Studies of hMSCs aimed for examining their regenerative capacities for putative treatment of neurodegenerative diseases have demonstrated that hMSCs are able to secrete important neuroregulatory molecules, such as: brain-derived neurotrophic factor (BDNF), nerve growth factor (NGF), insulin growth factor 1 (IGF-1), hepatocyte growth factor (HGF), vascular endothelial growth factor (VEGF), transforming growth factor beta (TGF-β), glial-derived neurotrophic factor (GDNF), fibroblast growth factor 2 (FGF-2), stem cell factor (SCF), granulocyte colony-stimulating factor (G-CSF) and stromal cell-derived factor (SDF-1) both in vitro and in vivo. All of these molecules have been shown to have beneficial effects towards the treatment of neurodegenerative diseases.

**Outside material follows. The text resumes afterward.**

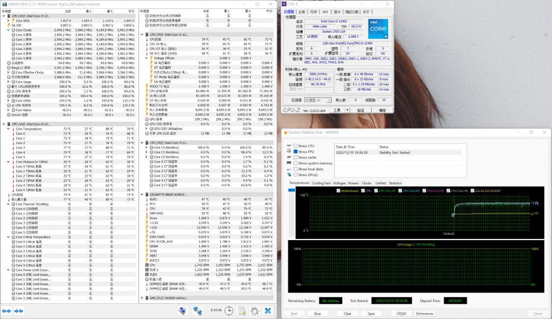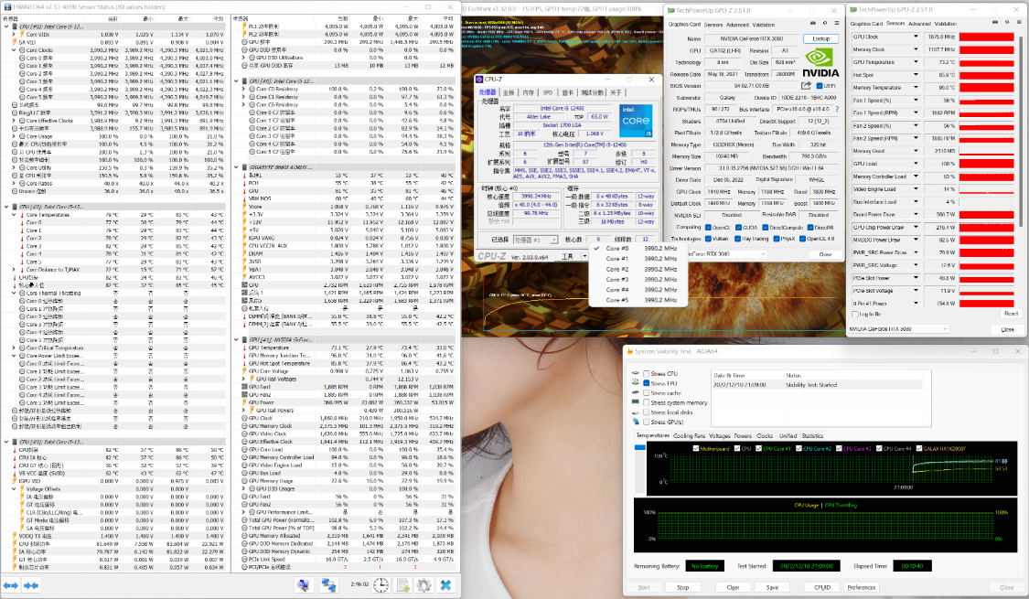 雙烤10Min,顯卡功耗爲370W左右,顯卡溫度爲73°左右,CPU封裝溫度爲82°,CPU功耗爲80W左右。整體散熱表現,依然相當優秀。

With regard to orthopaedic conditions such as arthritis, the paracrine factors of stem cell-based therapies appeared to be responsible for the majority of regenerative effects. Extracellular vesicles have a prominent role in the development of joints and in the regulation of the intra-articular homeostasis. In the case of arthritis, this homeostasis is disrupted due to different reasons. Hypothetically, one reason may be related to the accumulation of senescent cells and their associated secretory phenotype. The secretome of (mesenchymal) Stem Cells have a positive effects on reestablishing the intra-articular homeostasis and stimulating regeneration by different growth factors, cytokines and miRNA that are contained within the extracellular vesicles of the secretome.

As a consequence, efforts have been made to synthesize specific stem cell secretomes efficiently, in vitro. In general, stem cells become activated and produce higher amounts of secretome in response to external stress (for example, by damaged tissues in vivo). As such, the main preconditioning mechanism to induce secretome (extracellular vesicles) production are stress-inducing methods, most prominently anoxia and hypoxia, but also pharmacological, physical or cytokine-related methods that force the cells to produce secretome in vitro. This approach is also known as cell-free stem cell therapy.

It has been hypothesized that future therapies aiming at generating a (specific) secretome with a defined profile, and optimized concentrations of paracrine factors will yield a better, more reliable and controlled outcome as compared to previous approaches that rely solely on injecting (mesenchymal) stem cells into the body and hope that their paracrine (or trans differentiation) capacity will have beneficial effects in the body. However, the controlled therapeutic use of the stem cell secretome demands high-quality standardization of isolation and analysis techniques to yield reproducible secretome preparations.

Various pharmaceutical companies and clinical institutions have started to develop protocols for the in vitro extraction of specific secretome profiles from autologous mesenchymal stem cells, as well as for the clinical use of secretome as a novel therapeutic for numerous diseases, either as a private pay procedure or within clinical trials. Even though these treatments are in compliance with the regulatory framework in Europe under certain conditions as of May 2017, there is yet no evidence for their proven efficacy in human clinical trials, besides singular case reports. Therefore, at the moment, the clinical use of stem cell secretome is experimental, and it is mainly based on in-vitro and animal data. One potential application of autologous stem cell secretome has been in veterinary medicine, as commercialized by a Russian company, T-Helper Cell Technologies in 2017 under the name Reparin-Helper.